Agent Memory and Conversation History
AI agents require persistent memory to maintain context across turns and sessions. Cassandra’s time-ordered clustering columns and TTL support make it a natural fit.
Conversation History Schema
CREATE TABLE conversations (
session_id uuid,
message_id timeuuid,
role text, -- 'user', 'assistant', or 'system'
content text,
embedding vector<float, 1536>,
PRIMARY KEY (session_id, message_id)
) WITH CLUSTERING ORDER BY (message_id DESC);
CREATE CUSTOM INDEX ON conversations (embedding)
USING 'StorageAttachedIndex'
WITH OPTIONS = {'similarity_function': 'cosine'};
timeuuid as the clustering column provides natural time ordering and global uniqueness without a separate timestamp column.
CLUSTERING ORDER BY (message_id DESC) returns the most recent messages first when paginating by session.
Retrieving Recent Context (Sliding Window)
-- Fetch the last 20 messages for a session
SELECT role, content
FROM conversations
WHERE session_id = ?
LIMIT 20;
Semantic Memory Retrieval
For long sessions, a sliding window includes recent messages but loses older relevant context.
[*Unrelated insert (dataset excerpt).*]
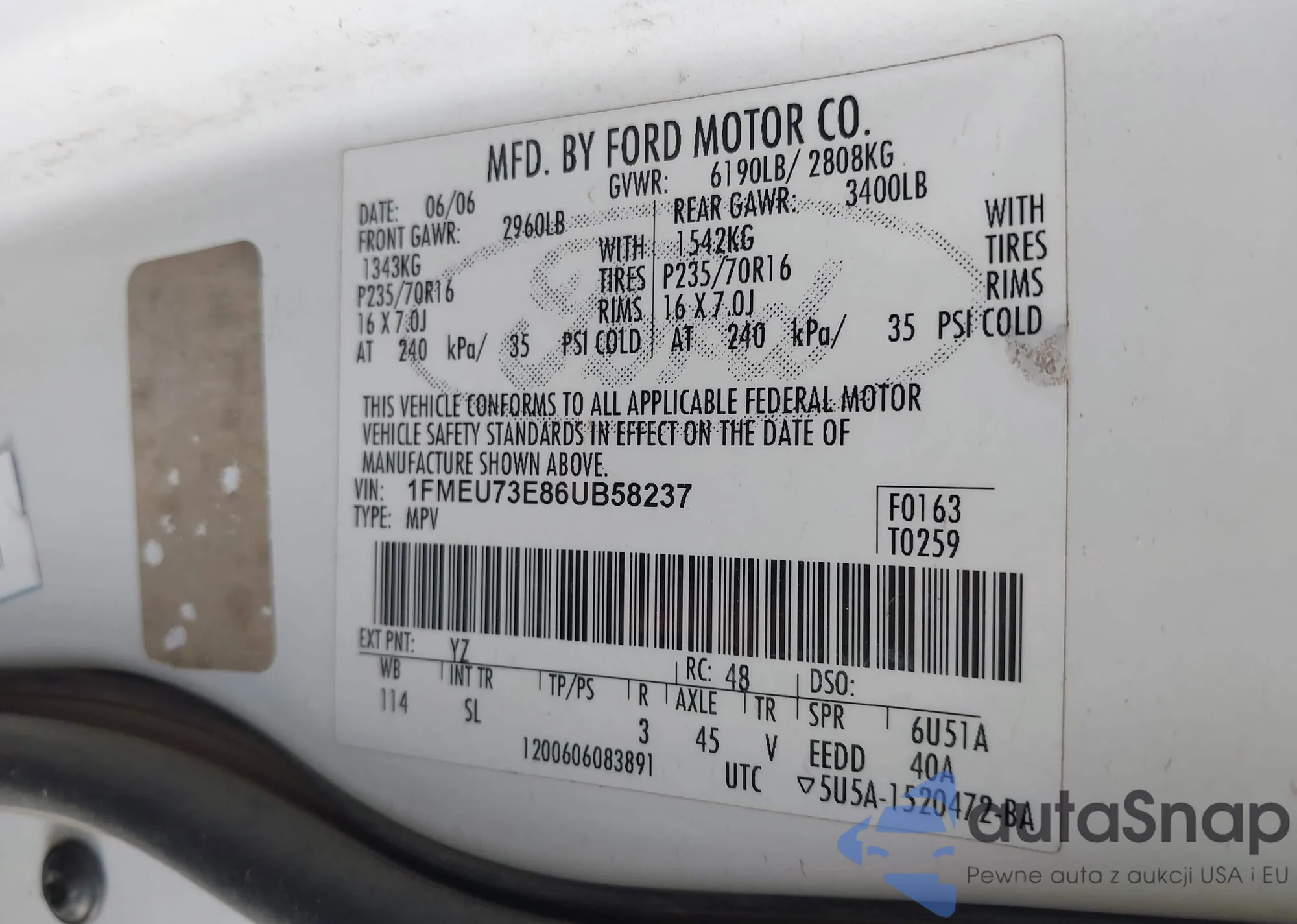 VIN: 1FMEU73E86UB58237

Semantic memory retrieval finds past messages similar to the current query regardless of when they occurred:
-- Find the 5 most semantically relevant past messages in this session
-- (not necessarily the most recent)
SELECT role, content, message_id
FROM conversations
WHERE session_id = ?
ORDER BY embedding ANN OF ?
LIMIT 5;
Combine the sliding window (recent context) with semantic retrieval (relevant older context) to build an effective long-term memory layer.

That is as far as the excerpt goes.